The hydrophobicity and hydrophilicity of AAs play an important role in folding for secondary structure. Based on the two physicochemical indexes, a 2D graphical representation of protein sequences is proposed in the paper. This graphical representation of protein sequences has the better visibility and can reflect more information of protein sequences. In order to obtain the intuitive understanding of sequences implying biological characteristics and make the similarity comparison conveniently, a new distance is suggested based on the graphical representation of protein sequences. We firstly apply the new distance to analyze the similarities/dissimilarities of ND5 proteins of nine species, and correlation analysis is given to compare our results and other graphical representations with ClustalW's result.
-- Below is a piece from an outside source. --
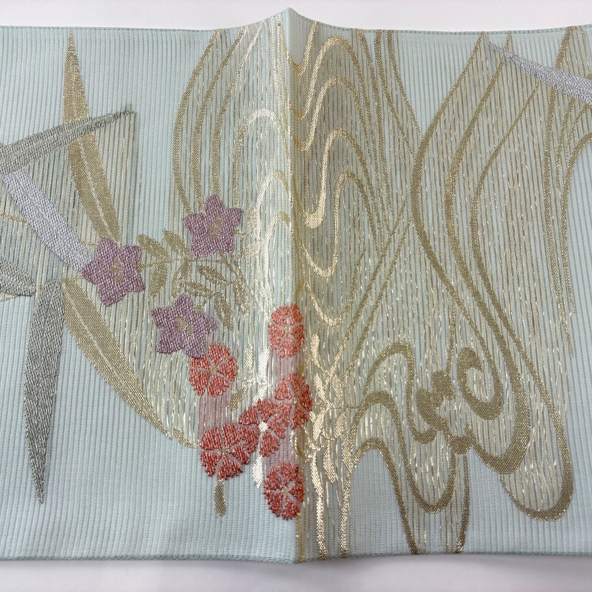 袋帯 秀品 夏帯 紗 桔梗 流水 金銀糸 箔 クリーム お太鼓柄 正絹
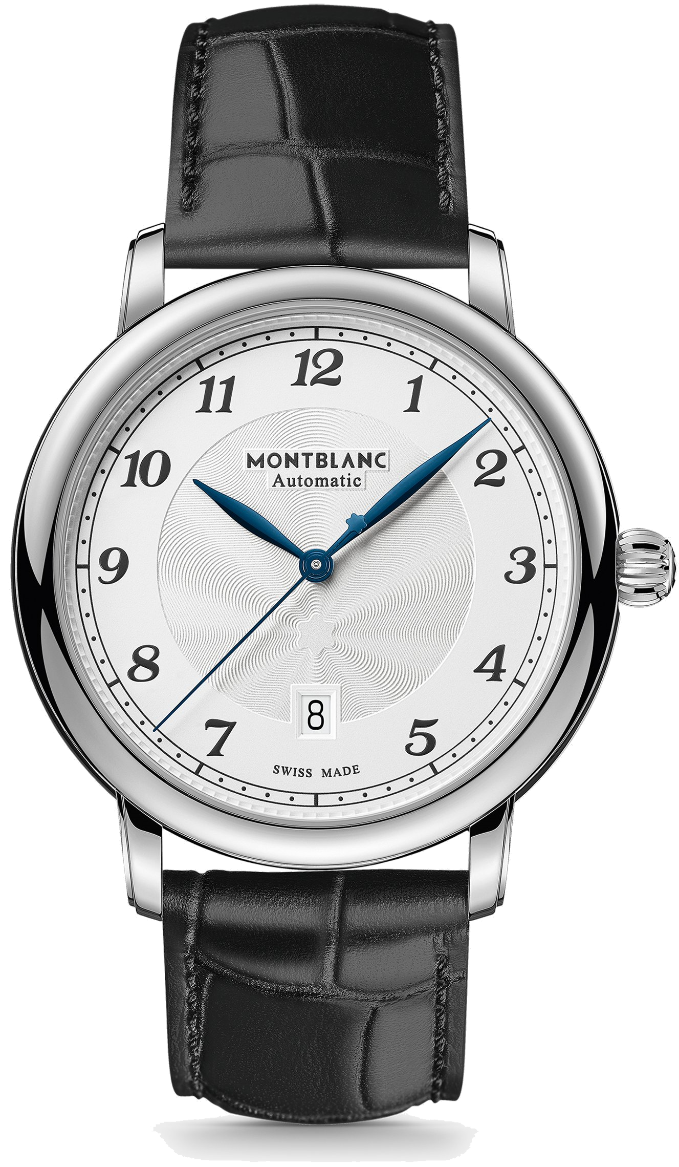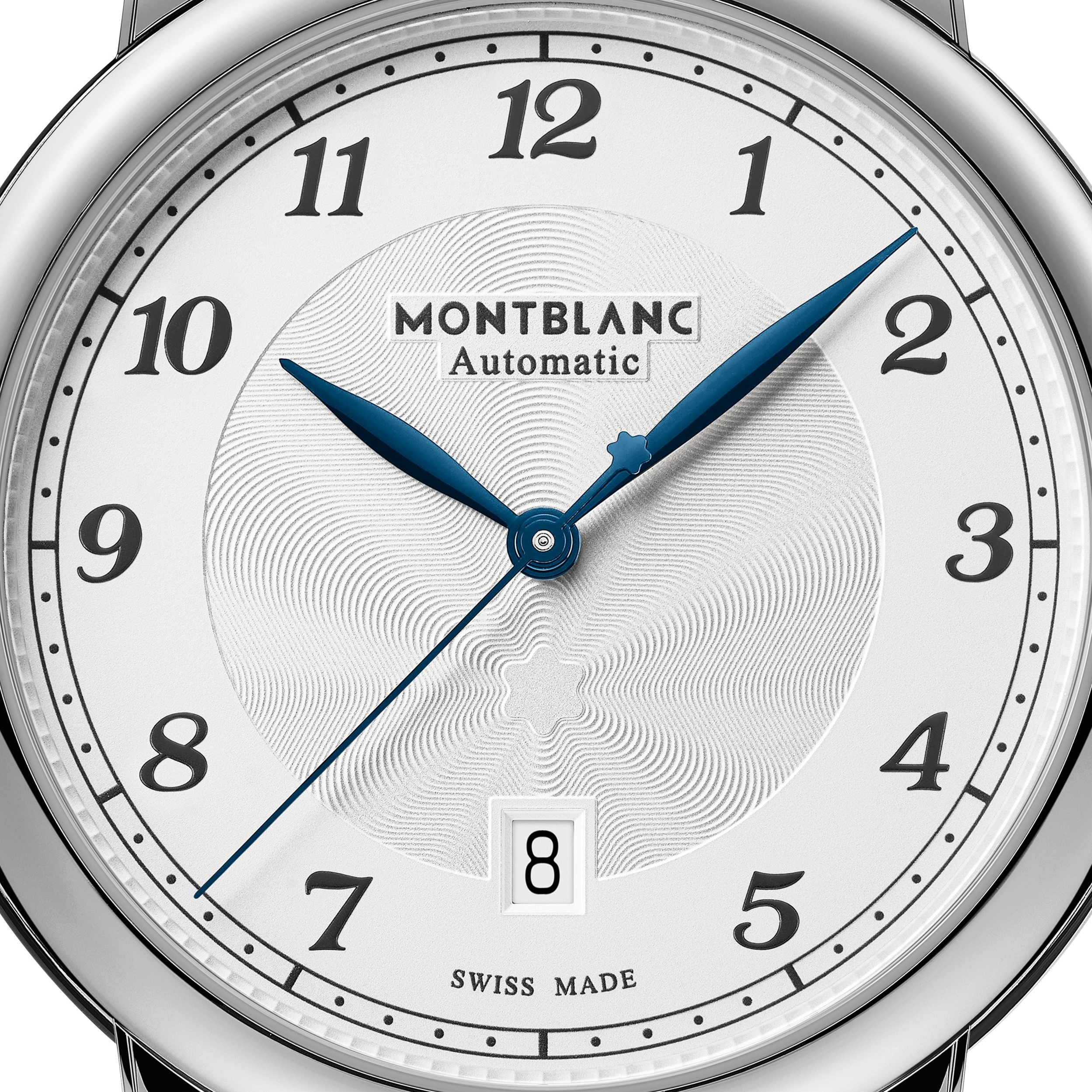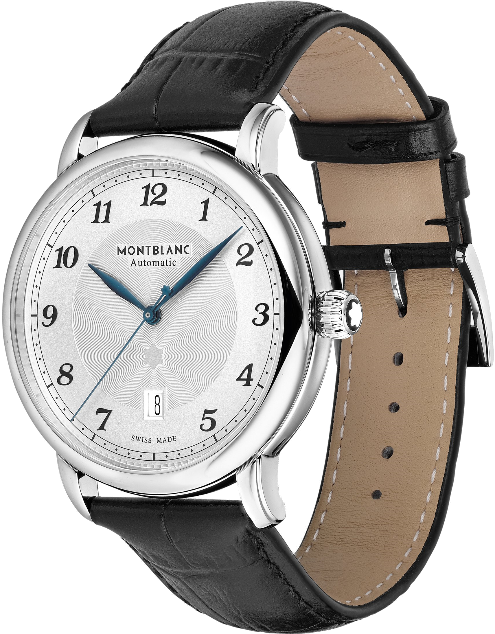 • Funkce a popis:Čas, datum, strojek Swiss Montblanc MB 24.17 (základ Sellita SW 200-1) = rezerva chodu 38 hodin, krokové ústrojí ocel/kámen, polokmity setrvačky 28.800/h (4 Hz) = přesnost chodu (diference) 2 - 4 vteřiny denně, 26 kamenů, automatický nátah (hodinky se natahují pohybem ruky) + ruční nátah (hodinky lze natáhnout/dotáhnout dle potřeby i ručně korunkou), rotor samonátahu disponuje funkcí oboustranného nátahu, číselník má krásný jemný rastr v podobě paprskovitých vln směrem od loga Montblanc (tento paprskovitý rastr vytváří při různých úhlech náklonu hodinek při nošení rozmanité tóny odstínu číselníku)

Furthermore, using the new distance of graphical representation, the four major classes are predicted based on the dataset containing 639 domains that share sequence identity below 25%. The prediction result shows that the method can improve the prediction accuracy for All-β, α + β class and the overall accuracy. In particular, using our method can evidently improve the prediction accuracy of the α + β class. The result demonstrates that EH and Hp index have important function when the primary sequence folds into secondary structure. The calculation methodology is more simple, convenient, and fast. In addition, the method can be extended to other physicochemical properties of amino acids and will be useful to study and solve some bioinformatics problems.

Conflict of Interests

The authors declare that there is no conflict of interests regarding the publication of this paper.